## Instructions for the task
Nothing should appear in the answer except the lines below from the line containing "На несуче шасі" through the line containing "Le dimanche midi, pour", copied exactly, with pictures left out.
(Extracted material begins)
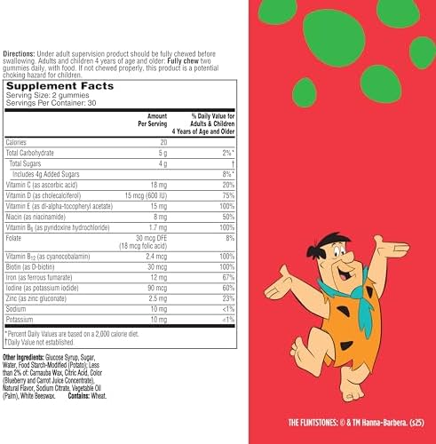 Flintstones picky kids + iron gummy vitamins: With key nutrients to support healthy growth and development* for kids ages 4+. Each bottle contains multivitamin gummies in a yummy natural grape flavor with other natural flavors picky kids will love
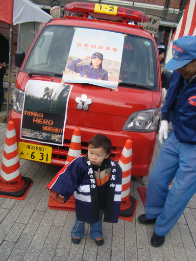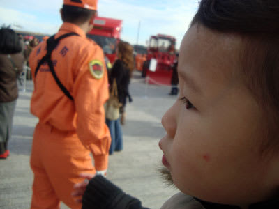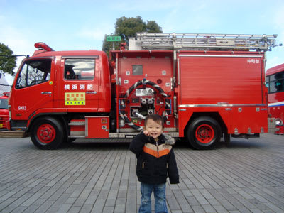 今日、赤レンガ倉庫で横浜市安全管理局主催の「新春安全・安心フェスティバル」が開催されるのを知り、私は仕事で行けなかったのですが、のっちょが颯斗を連れて行ってくれました♪
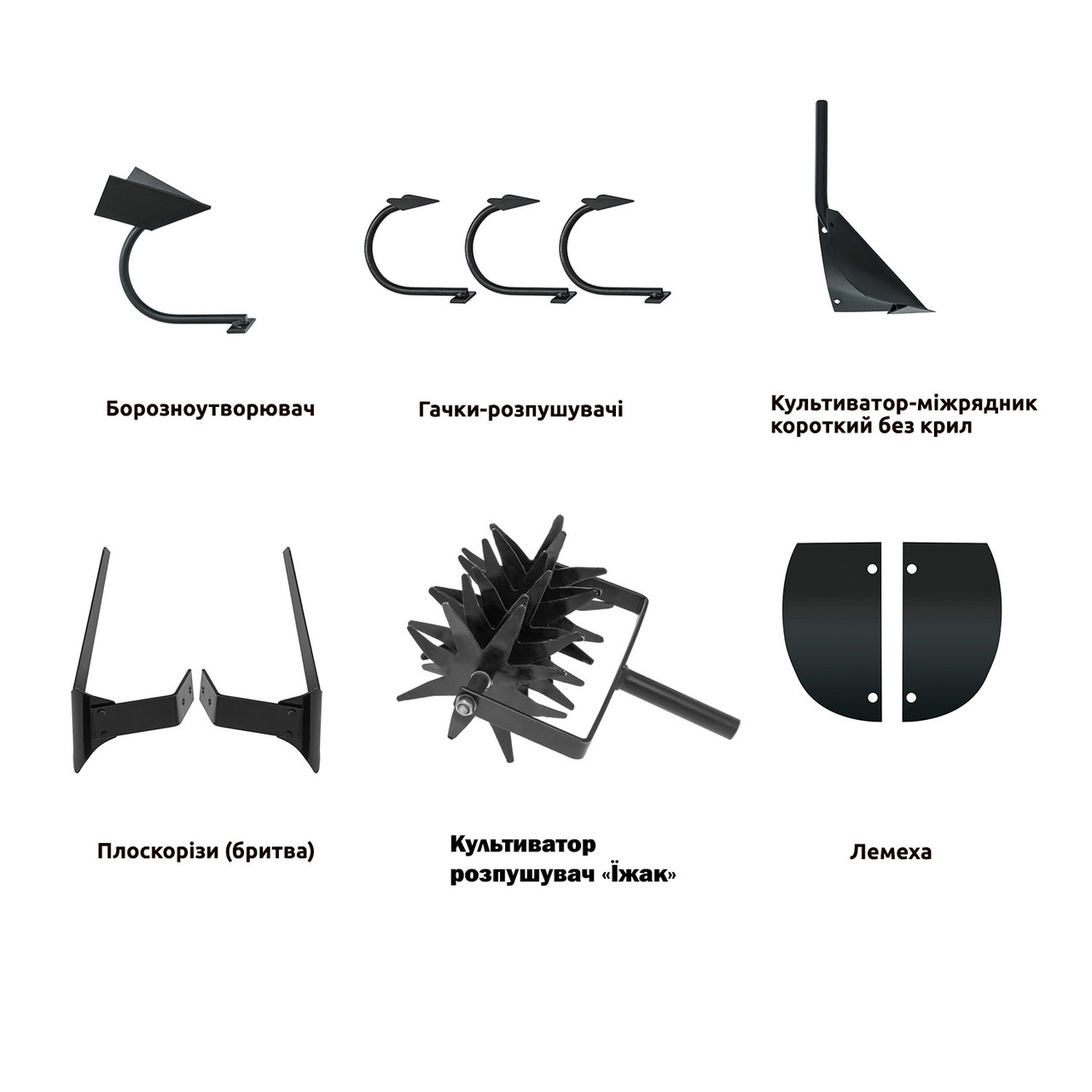 На несуче шасі залежно від виду робіт легко монтується 1 з 7 знарядь для обробки ґрунту: підгортач, культиватор розпушувач «Їжак», міжрядник, культиватор, плоскорізи, борозноутворювач з маркером, ручна картоплесаджалка.
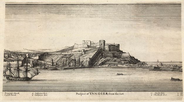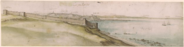 Tangier from the Sea; view looking S over the water towards the city and fortifications, including York Castle, the Upper Castle and Governor’s House, and Peterborough Tower, on the left, the mole jutting out into the sea, and on the extreme r, the settlement of Whitby with Charles Fort on the hill above it, Wenceslaus Hollar, 1669, The British Museum
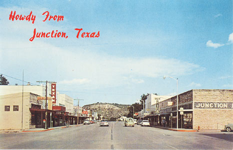 "Junction, Texas - Downtown - U. S. Hi-Way N. 290. Junction, Texas is located 59 miles east of Sonora, and 63 miles west of Fredericksburg, Texas on U. S. Hi-Way No. 2990. JUnction is situated in the forks of the Llano River. In the beautiful "Hill Country", where sportsmen congregate to enjoy the best hunting and fishing in Texas. Most of the ranchers in this area raise sheep and goats, and as a result - Junction's main industry is wool and mohair." Card No. S-47207-2, card purchased June 23, 1970..
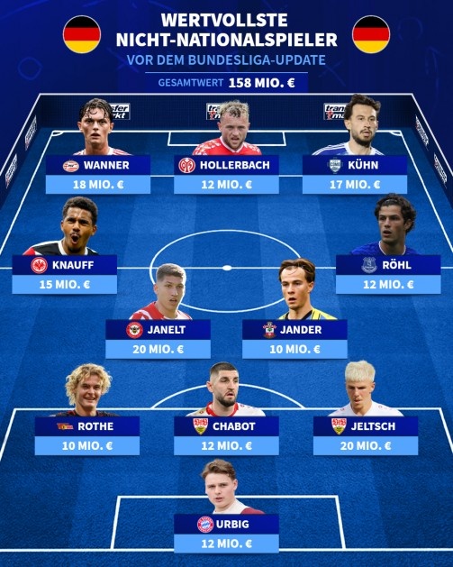 10月12日讯 德转列德国非国脚球员身价最贵阵,万纳尔、克瑙夫、乌尔比希在列,雅内特、耶尔奇2000万欧身价最高。
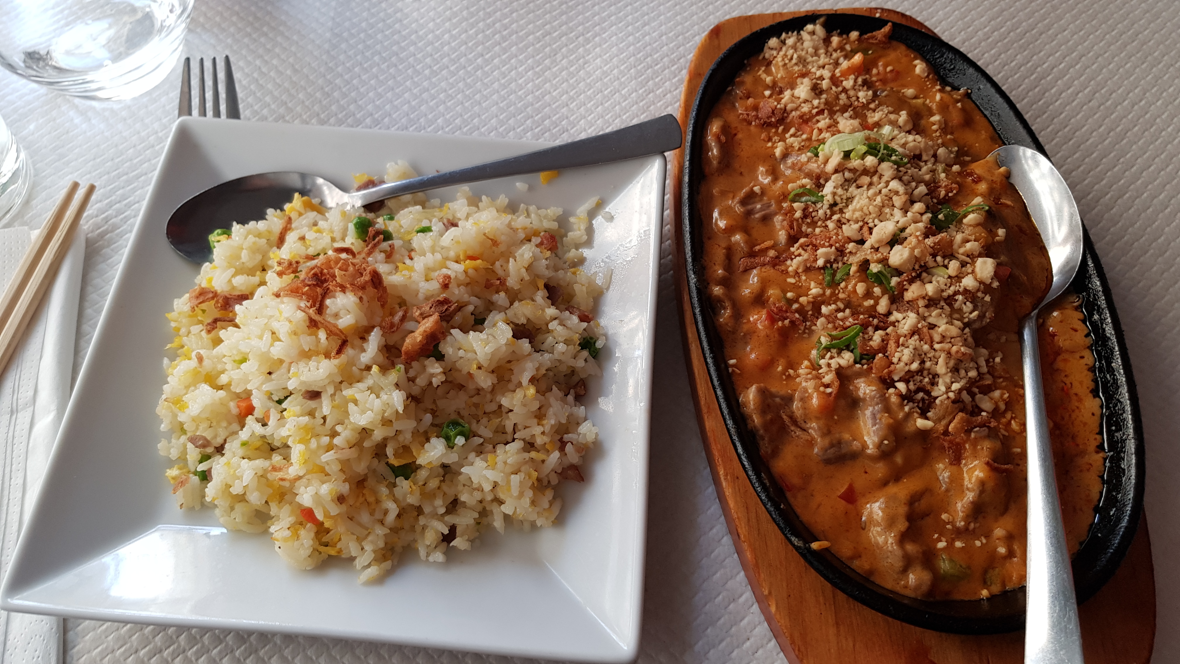 Le dimanche midi, pour trois, il est mieux de réserver. Nous avons fait le choix d'aller sur un table pour deux, à trois :) Le service est relativement rapide et la patronne est sympa. Le repas est très bon et suffisamment copieux. Les points négatifs : pas de menu du midi ou du soir, tout est à la carte. Lorsque nous commandons un plat principal avec du riz, nous avons pas de bols permettant de mélanger les deux.
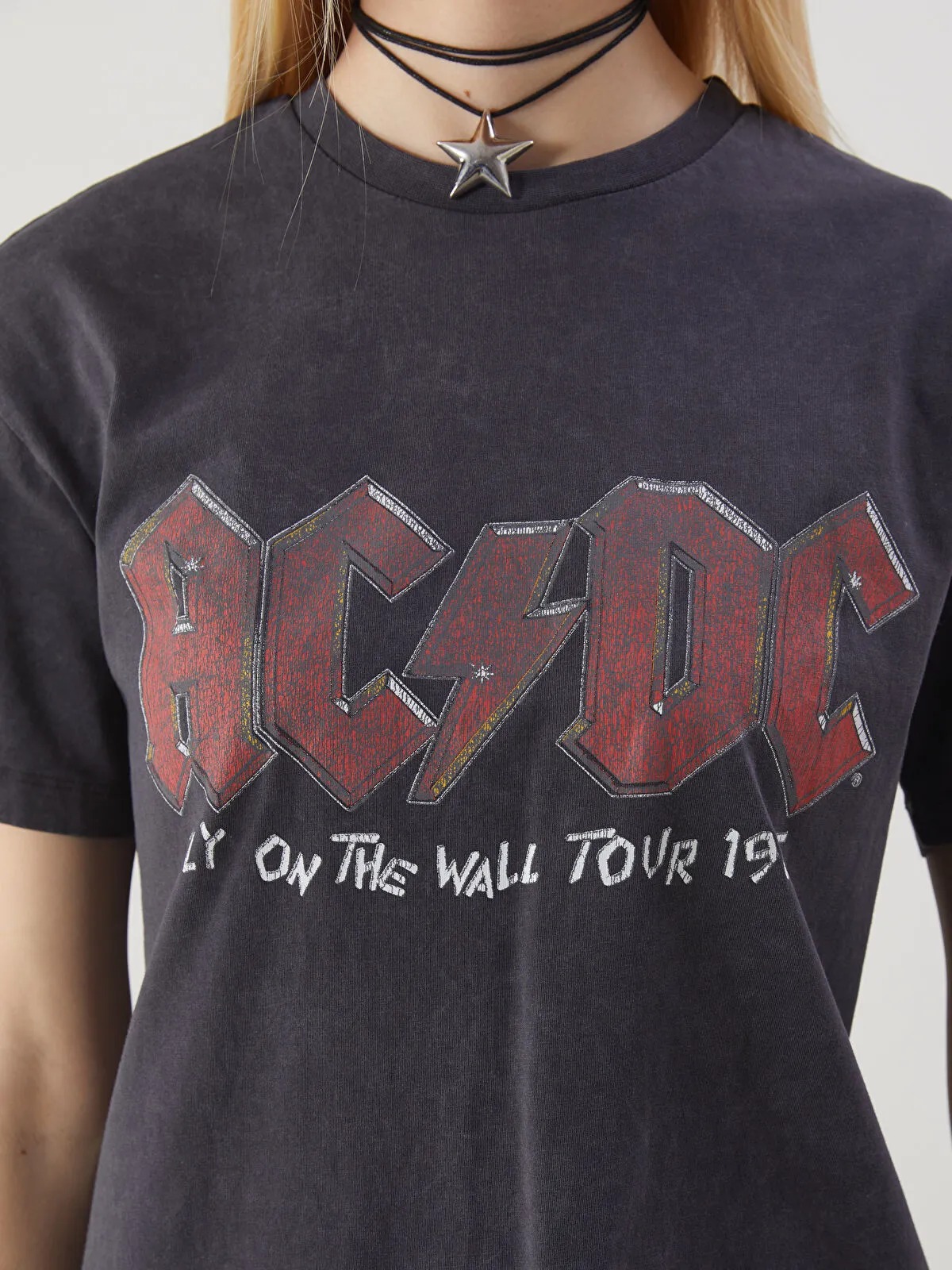 تيشيرت نسائي بلون أنثرسيت (رمادي داكن) أنيق، بياقة دائرية قصيرة وأكمام قصيرة، مزين بطبعة شعار AC/DC المرخص رسميًا والتي تضيف لمسة شبابية وعصرية. تصميم Loose & Bol يمنح حرية حركة وراحة طوال اليوم، مثالي لإطلالة كاجوال أننيقة ومريحة.
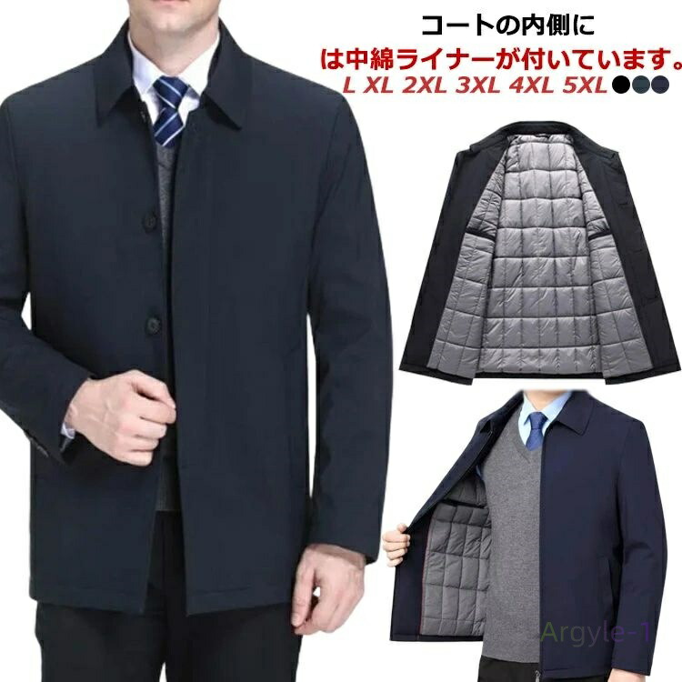 ジャケット 秋 裏キルティング ギフト あたっか 防寒 冬 暖かい 中綿コート ステンカラーコート ビジネス 厚手 ビジネスコート 中綿入り 無地 中綿ライナー付き アウター カジュ スプリングコート
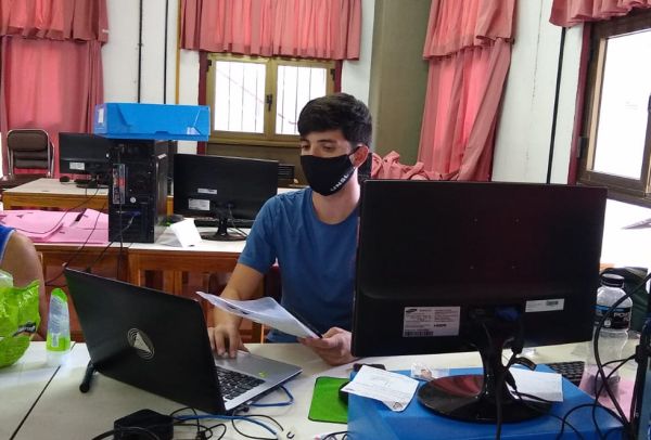 Personal nodocente del Departamento de Alumnos de la Facultad de Ciencias Físico Matemáticas y Naturales se encuentra trabajando en el Bloque II (Sala de computación de planta baja) para facilitar el acceso a los/las Ingresantes 2021.
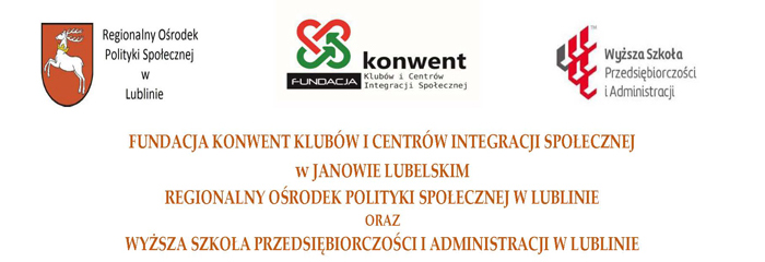 Szanowni Państwo Fundacja Konwent Klubów i Centrów Integracji Społecznej w Janowie Lubelskim serdecznie zaprasza na konferencję: WZMACNIANIE POTENCJAŁU ŚRODOWISK PODMIOTÓW REINTEGRACYJNYCH NA LUBELSZCZYŹNIE – TEORIA I PRAKTYKA Konferencja organizowana jest przez Fundację Konwent
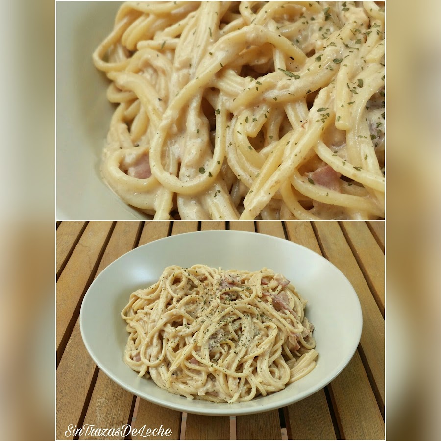 Troceamos el bacon y la cebolla,lo ponemos en una sartén con aceite hasta que esté doradito, añadimos la nata (crema de leche) de almendras, sal al gusto, pimienta, un poco de ajo en polvo y removemos todo bien.
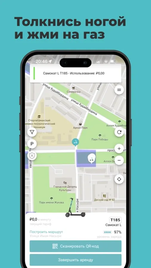 Больше не нужно ехать в определенную точку, оставлять в залог документы или деньги и подписывать бумажные договора. Все что нужно - это скачать наше приложение, пройти простую регистрацию, найти самокат на карте и начать свою первую поездку!
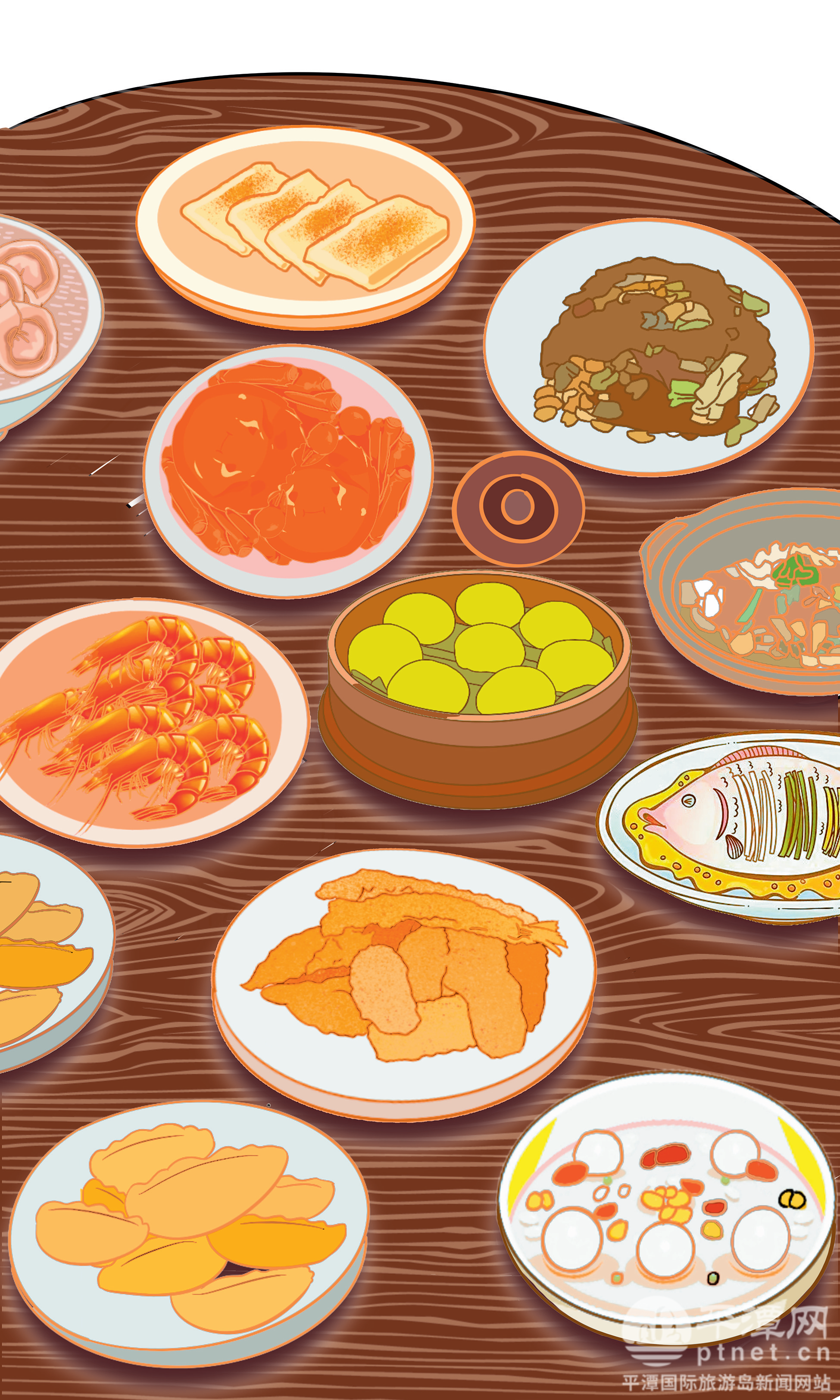 2026-02-13 10:09:24 来源:平潭网 作者:郑也/文 赵曙合/绘“一年做到暗,只想三十盲晡顿”(意为:一年忙到头,只盼除夕年夜饭),这句平潭谚语,道出了年夜饭与团圆的双重欢喜。在平潭,年夜饭的菜肴数量颇有讲究,往往为九道或十一道,取单数以敬祖先,寄寓家庭和美、运势亨通。餐桌上,离不开本地风物的底色——海鲜与地瓜巧妙结合。这一桌饭菜,蕴藏着大海的慷慨馈赠,也维系着海岛人家绵长的家族记忆。
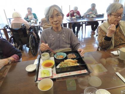 昼食はお赤飯や茶碗蒸し、春の野菜天麩羅をお重で出しちゃいました。
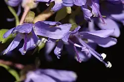 Veronica missurica (syn. Synthyris missurica) is a species of flowering plant in the family Plantaginaceae known by the common names tailed kittentails,[2] mountain kittentails, or Columbia kittentails. It is native to the Pacific Northwest of the United States, where it grows in moist areas in forests and other mountain and foothill habitat types. It is often one of the first wildflowers to bloom in its mountain habitat, sometimes coming up before the snow is melted.[3] It is a rhizomatous perennial herb with a rosette of basal leaves with toothed, rounded blades borne on petioles. The inflorescence is a raceme of bright violet-blue flowers, each about half a centimeter long with two protruding stamens.
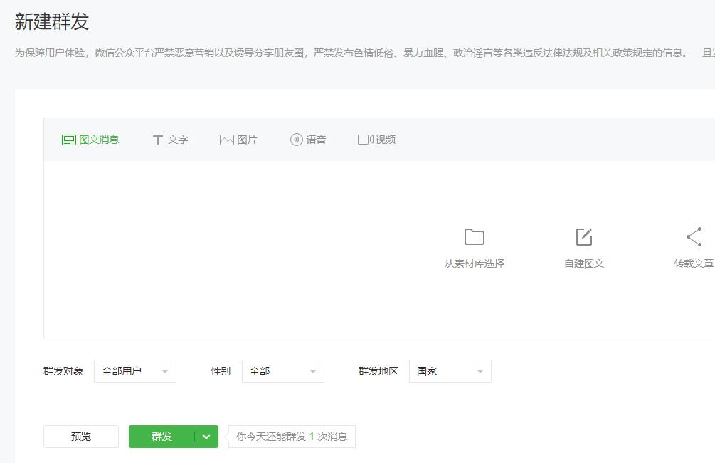 在公眾號(hào)首頁(yè)找到 新建群發(fā) 你要推送的消息可以是 圖文 圖片 音頻 視頻 根據(jù)需求推送
(Extracted material ends)
## Solution below
 На несуче шасі залежно від виду робіт легко монтується 1 з 7 знарядь для обробки ґрунту: підгортач, культиватор розпушувач «Їжак», міжрядник, культиватор, плоскорізи, борозноутворювач з маркером, ручна картоплесаджалка.
 Tangier from the Sea; view looking S over the water towards the city and fortifications, including York Castle, the Upper Castle and Governor’s House, and Peterborough Tower, on the left, the mole jutting out into the sea, and on the extreme r, the settlement of Whitby with Charles Fort on the hill above it, Wenceslaus Hollar, 1669, The British Museum
 "Junction, Texas - Downtown - U. S. Hi-Way N. 290. Junction, Texas is located 59 miles east of Sonora, and 63 miles west of Fredericksburg, Texas on U. S. Hi-Way No. 2990. JUnction is situated in the forks of the Llano River. In the beautiful "Hill Country", where sportsmen congregate to enjoy the best hunting and fishing in Texas. Most of the ranchers in this area raise sheep and goats, and as a result - Junction's main industry is wool and mohair." Card No. S-47207-2, card purchased June 23, 1970..
 10月12日讯 德转列德国非国脚球员身价最贵阵,万纳尔、克瑙夫、乌尔比希在列,雅内特、耶尔奇2000万欧身价最高。
 Le dimanche midi, pour trois, il est mieux de réserver. Nous avons fait le choix d'aller sur un table pour deux, à trois :) Le service est relativement rapide et la patronne est sympa. Le repas est très bon et suffisamment copieux. Les points négatifs : pas de menu du midi ou du soir, tout est à la carte. Lorsque nous commandons un plat principal avec du riz, nous avons pas de bols permettant de mélanger les deux.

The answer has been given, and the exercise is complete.